» WORK ITEM
Nothing but the lines below from the one with "during hospital stay." through the one with "Looking North to" should be output, each exactly as given, and no pictures.

▬▬▬

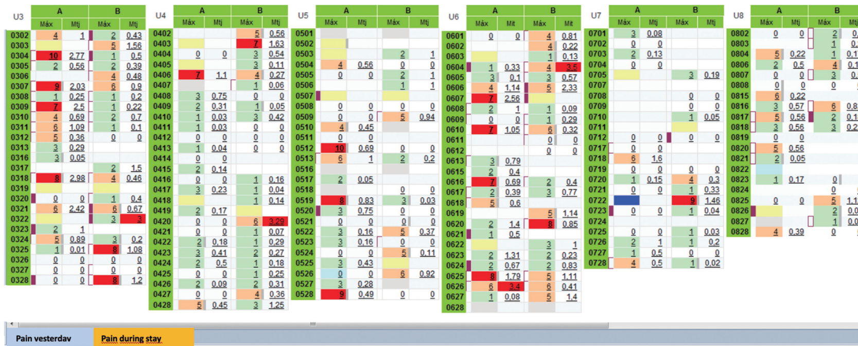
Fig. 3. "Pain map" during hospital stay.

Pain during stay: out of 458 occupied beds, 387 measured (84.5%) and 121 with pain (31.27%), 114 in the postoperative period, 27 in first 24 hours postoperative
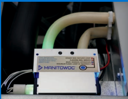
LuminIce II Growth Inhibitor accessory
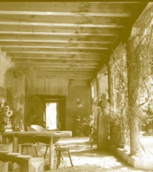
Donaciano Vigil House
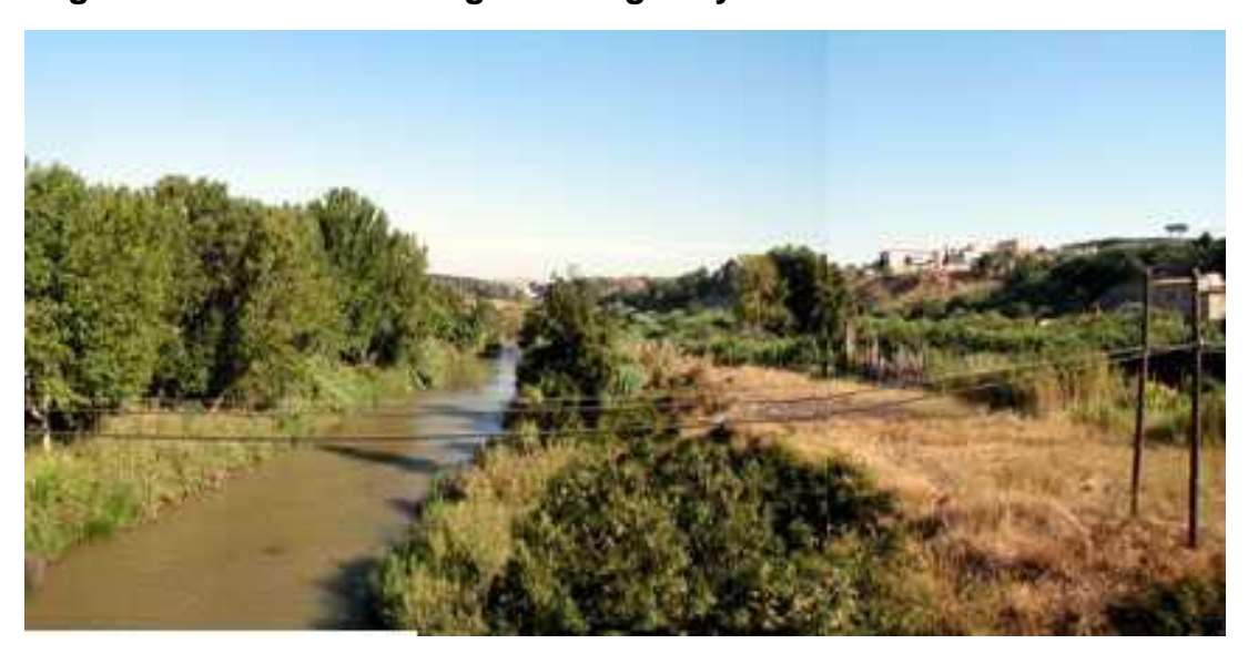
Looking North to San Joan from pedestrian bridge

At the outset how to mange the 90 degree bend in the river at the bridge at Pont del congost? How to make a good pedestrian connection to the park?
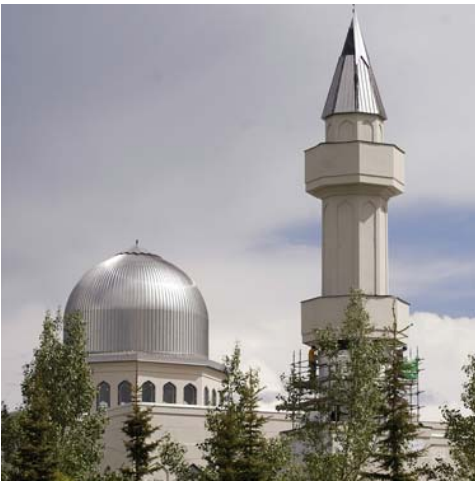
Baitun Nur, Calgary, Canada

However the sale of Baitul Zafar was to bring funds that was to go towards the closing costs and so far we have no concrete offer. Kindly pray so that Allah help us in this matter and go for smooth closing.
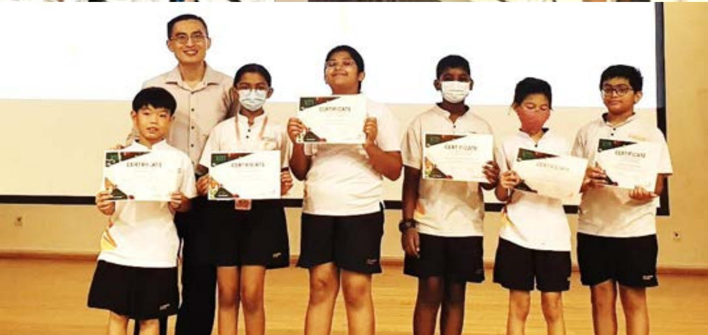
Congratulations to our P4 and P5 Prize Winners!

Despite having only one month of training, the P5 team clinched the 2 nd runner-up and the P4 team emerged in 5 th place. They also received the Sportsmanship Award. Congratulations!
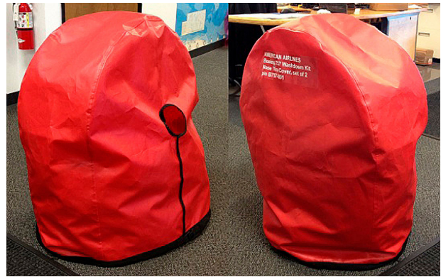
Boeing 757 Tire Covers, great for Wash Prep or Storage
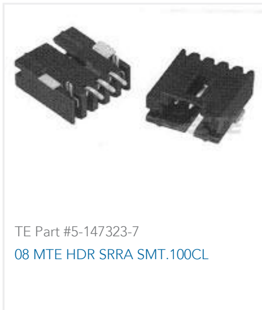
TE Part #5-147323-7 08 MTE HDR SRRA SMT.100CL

▬▬▬

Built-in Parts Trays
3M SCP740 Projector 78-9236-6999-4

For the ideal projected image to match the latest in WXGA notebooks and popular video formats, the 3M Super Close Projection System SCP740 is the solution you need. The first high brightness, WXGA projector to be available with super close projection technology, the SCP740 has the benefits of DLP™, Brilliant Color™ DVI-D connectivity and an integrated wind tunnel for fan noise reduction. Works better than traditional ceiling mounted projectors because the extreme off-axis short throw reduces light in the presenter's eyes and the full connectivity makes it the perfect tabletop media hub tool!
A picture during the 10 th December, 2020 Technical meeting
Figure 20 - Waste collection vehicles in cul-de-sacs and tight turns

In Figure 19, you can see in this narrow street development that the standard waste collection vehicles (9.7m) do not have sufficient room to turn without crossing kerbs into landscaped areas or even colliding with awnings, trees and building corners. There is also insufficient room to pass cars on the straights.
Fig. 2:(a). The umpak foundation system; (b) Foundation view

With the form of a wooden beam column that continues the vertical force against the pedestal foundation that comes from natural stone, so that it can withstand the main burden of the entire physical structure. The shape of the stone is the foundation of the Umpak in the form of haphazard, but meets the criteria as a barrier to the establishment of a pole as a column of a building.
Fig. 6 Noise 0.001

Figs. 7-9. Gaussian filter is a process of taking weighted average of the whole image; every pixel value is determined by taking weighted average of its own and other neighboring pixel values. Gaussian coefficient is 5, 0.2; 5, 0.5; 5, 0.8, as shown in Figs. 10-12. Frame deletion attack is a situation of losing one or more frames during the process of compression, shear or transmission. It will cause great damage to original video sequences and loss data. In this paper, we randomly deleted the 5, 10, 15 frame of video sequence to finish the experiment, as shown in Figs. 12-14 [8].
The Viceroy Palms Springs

▬▬▬

» ANSWER BOX
Fig. 3. "Pain map" during hospital stay.

Pain during stay: out of 458 occupied beds, 387 measured (84.5%) and 121 with pain (31.27%), 114 in the postoperative period, 27 in first 24 hours postoperative
LuminIce II Growth Inhibitor accessory
Donaciano Vigil House
Looking North to San Joan from pedestrian bridge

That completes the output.